Lundi 13 février 2011 à 14h salle A711
Titre : Approximation différentielle des problèmes d'optimisation SNP
Abstract: We revisit the class SNPO of the SNP optimization problems under the
differential approximation paradigm, focusing on three questions: what
is the largest k such that the k-ary boolean Constraint Satisfaction
Problems, CSP are DAPX? more generally, how affine and differential
approximation preserving reductions do arrange SNPO problems? in a
more structural point of view, what differential approximation
guarantee can we expect from local optima?
We here show that 3-ary boolean CSP are 0,2146-differential
approximable. We also show that any (2k)-ary boolean CSP is equivalent
to MaxNAE(2k)Sat, and that any (2k+1)-ary CSP is (r/2)-differential
approximable, if MaxNAE(2k)Sat is r-differential approximable.
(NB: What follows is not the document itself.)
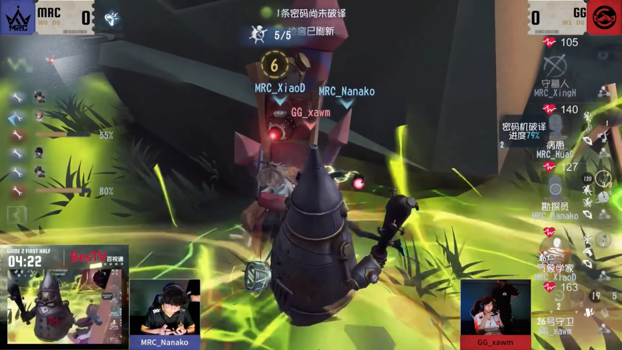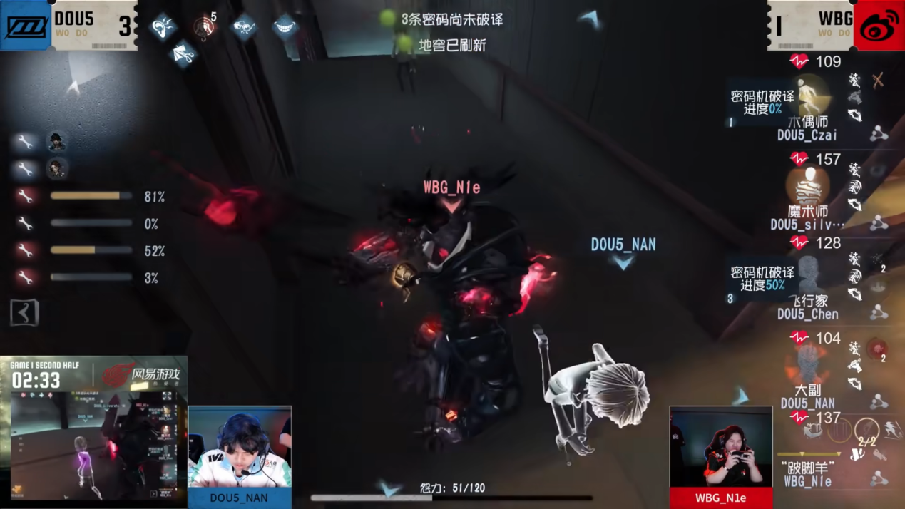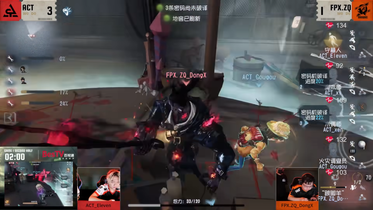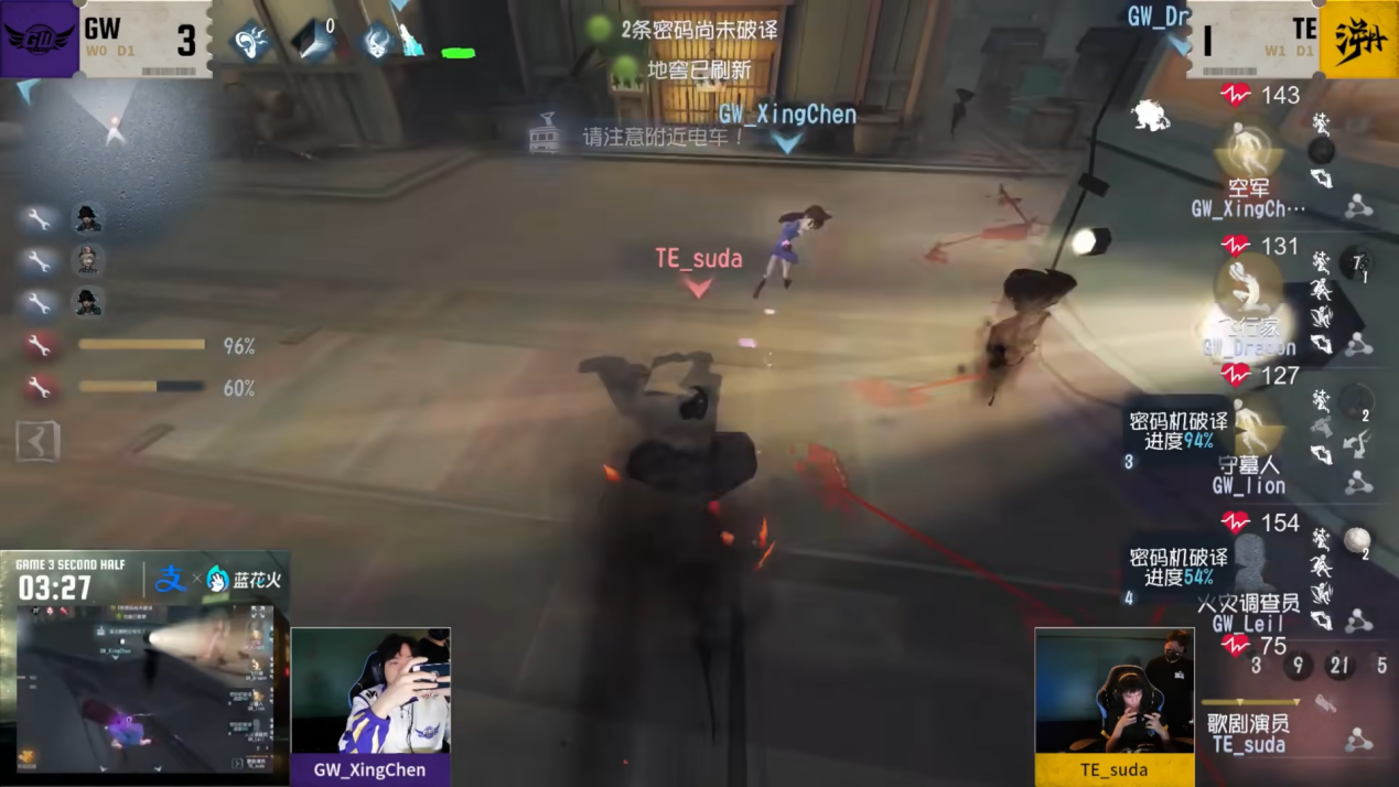 【当前战况】 2025IVL夏季赛第五周的比赛已经结束,当前积分排名如图: Gr战队依旧保持着恐怖的统治力,Gr_Jin前两局的高熟练度“四大天王”和稳健的Gr求生者相互兜底,常以2:0的姿态赢下比赛,即使对局来到第三场,Gr_Jin仍有绝活26号守卫保平争胜;MRC战队的MRC_BaiLu的角色池在前两局也有着极高的优势,但从前半程的赛况来看,MRC战队监管者方在第三局会出现心有余而力不足的情况,虽然目前有着稳定的出线资格,但该短板可能成为他们前进路上的阿喀琉斯之踵应及时作出针对性训练;成都Wolves战队求生者方应避免木桶效应的出现,希望他们能及时调整,做到和监管者选手Wolves_ChoAi的双向奔赴;北京WBG战队仍需沉淀应战底蕴,希望他们在后半程继续积累经验,WBG_Guoker虽然也有高光时刻,但在操作和运营思路上仍需精进和稳定。 下面让我们一起回顾一下本周的精彩对局吧! 【精彩回顾】 第一天,GW vs TE第二局上半场,TE_ppei“喧嚣”开局追击小木屋GW_lion杂技演员,杂技演员交出粘土爆弹转进小木屋内,TE_ppei精准释放双重惊喜对其造成伤害。待监管者准备再次使用双重惊喜将杂技演员击倒的时候,GW_XingChen前锋及时补撞协助杂技演员转点至海滩,但因只拉四分之一的球,对监管者造成的眩晕时间还没有超过双重惊喜持续时间,最终杂技演员还是在海滩双板区被架点击倒。前锋在一旁给监管者挂人压力,TE_ppei选择将其攻击至半状态而后移形挂人,GW_XingChen在监管者还未移形至杂技演员身前就开始果断拉球远距离冲向监管者将正在被牵起的杂技演员救下。杂技演员继续进行单人牵制,前锋寻找气象学家释放的暖雨进行治疗。挂上杂技演员后,TE_ppei第一时间留意前锋所在的位置,前锋状态刚刚补好,“喧嚣”的攻击便接踵而至,GW_XingChen视角锁定“喧嚣”抬手动作,按下飞轮抵消伤害,与此同时,GW_Leil玩具商悄无声息地从后方将杂技演员无伤救下,此次救援调动了两个人,场上密码机进度会相应被拖慢,但好在GW_XingChen对橄榄球耐久的合理使用,使其有持续干扰的能力。杂技演员待化险为夷效果结束后,倒在板子中间,面对有前锋干扰和可能被砸板的风险,监管者不得不花大块时间想办法将前锋击倒。待前锋成功将杂技演员的绝处逢生拖出,GW_lion也不负众望,砸板,转点,跳球扭开双重惊喜,极力延缓自己倒地速度,场上密码机已经破译完毕四台。此时TE_ppei选择管控最后一台密码机,将玩具商留在遗产机附近,GW求生者立刻在外围开启新的密码机,GW_Dragon气象学家则留在海滩周围准备救人。TE_ppei敏锐排到气象学家的位置,GW_Dragon利用层云将玩具商救下,玩具商下椅后未能成功利用跳板逃脱追击范围,而考虑到气象学家没有携带回光返照,GW求生者方选择直接点亮密码机。TE_ppei选择追击大船上的气象学家,待“喧嚣“上船后,GW_Dragon再次利用层云靠近狂欢之椅将人救下,此次救人十分关键,能让玩具商下椅后拖住监管者,使前锋能成功将大门破译开,避免了移形仍在手有多抓的机会。 图为GW_XingChen在监管者还未移形至杂技演员身前就果断拉长球将杂技演员救下 第二天,北京WBG vs GW第一局下半场,开局WBG_N1e“跛脚羊”迷失之笼封交互点封得又快又准,思路清晰,仅用1分02秒击倒心理学家。在拦截大副救人的时候,利用跃笼加合笼特质,准确打到正在摇怀表的大副,触发了失乐园,此时GW_lion大副只能选择救人,一旦救下来还有继续拉扯的机会,如果不救,魔术师状态刚被飞行家补好,没有其他人能赶来救人,监管者则可以直接不守椅追击大副续二手节奏。既然救人,GW_lion就必须在怀表持续时间结束之前将“心理学家”救下,GW_lion灵活走位,不断拆笼骗出刀,WBG_N1e只得再次释放迷失之笼,GW_lion利用怀表催眠监管者使其只能看到2秒前的幻象调虎离山,将监管者与椅子的距离拉远,半状态成功将“心理学家”救下。但因前期密码机进度太慢,飞行家个人牵制也未能成功将两台整的密码机拖至压好,最终三抓收场。 图为WBG_N1e“跛脚羊”精准跃笼合笼贴近大副,并触发“失乐园”为其救人增加压力 第三天,FPX.ZQ vs 成都Wolves第三局下半场,FPX.ZQ_DongX鹿头开局追击Wolves_Jelly病患,Wolves_Jelly拉距离至二楼并利用钩爪转点至双十一板区,FPX.ZQ_DongX预判钩爪落点,在等链爪冷却的时间争分夺秒地布置双十一陷阱,利用电车驶过将其压迫在空隙内不能拉开身位,Wolves_Jelly忙中出错转点失误,忘记监管者先前布置的陷阱,FPX.ZQ_DongX成功拿到第一刀伤害而后果断闪现过板直接把病患从二楼下板区勾过来,1分09秒快速将其击倒。虽然野人成功把人救下,但FPX.ZQ_DongX趁热打铁继续追野人双倒,精准定位病患倒地位置并将其挂至地下室,求生者方选择直接卖掉。第二手节奏FPX.ZQ_DongX先把Wolves_487杂技演员状态打下来,然后再追击正在修机的气象学家,两个链爪加一次普攻击倒Wolves_Dking气象学家后,场上密码机对于求生者方来说并不够。FPX.ZQ_DongX排人方向出错,让Wolves_XMX野人把气象学家救下,而后FPX.ZQ_DongX不追气象学家,反而将野人状态再打下来,此时场上所有求生者均为半状态,逼迫Wolves_Dking消耗道具对自己进行暖雨治疗,FPX.ZQ_DongX果断放手野人,对气象学家杀了个回马枪,野人见状也立马和杂技演员合修S板密码机,FPX.ZQ_DongX将气象学家逼离暖雨后继续管控机子,但杂技演员和野人都处于一钩倒的状态,FPX.ZQ_DongX利用野人下板僵直将其勾倒并挂上狂欢之椅,

We
finally review some interesting observations regarding neighborhood
structures, notably: on the one hand, 1-bounded local optima are
1/(n+1)-differential approximate for MaxNAE2Sat; on the other hand,
given any solution of any k-ary boolean CSP, its k-bounded
neighborhood contains a solution that is (1/n^k)-differential
approximate.
We therefore leave many questions unanswered, in particular: are 4-ary
boolean CSP constantly differential approximable? what about (2k)-ary
boolean CSP vs. (2k-1)-ary boolean CSP? However, this talk also aims
at providing somme clues in order to go further.
The talk is based on a joint work with Jean-François Culus and
Frédéric Roupin.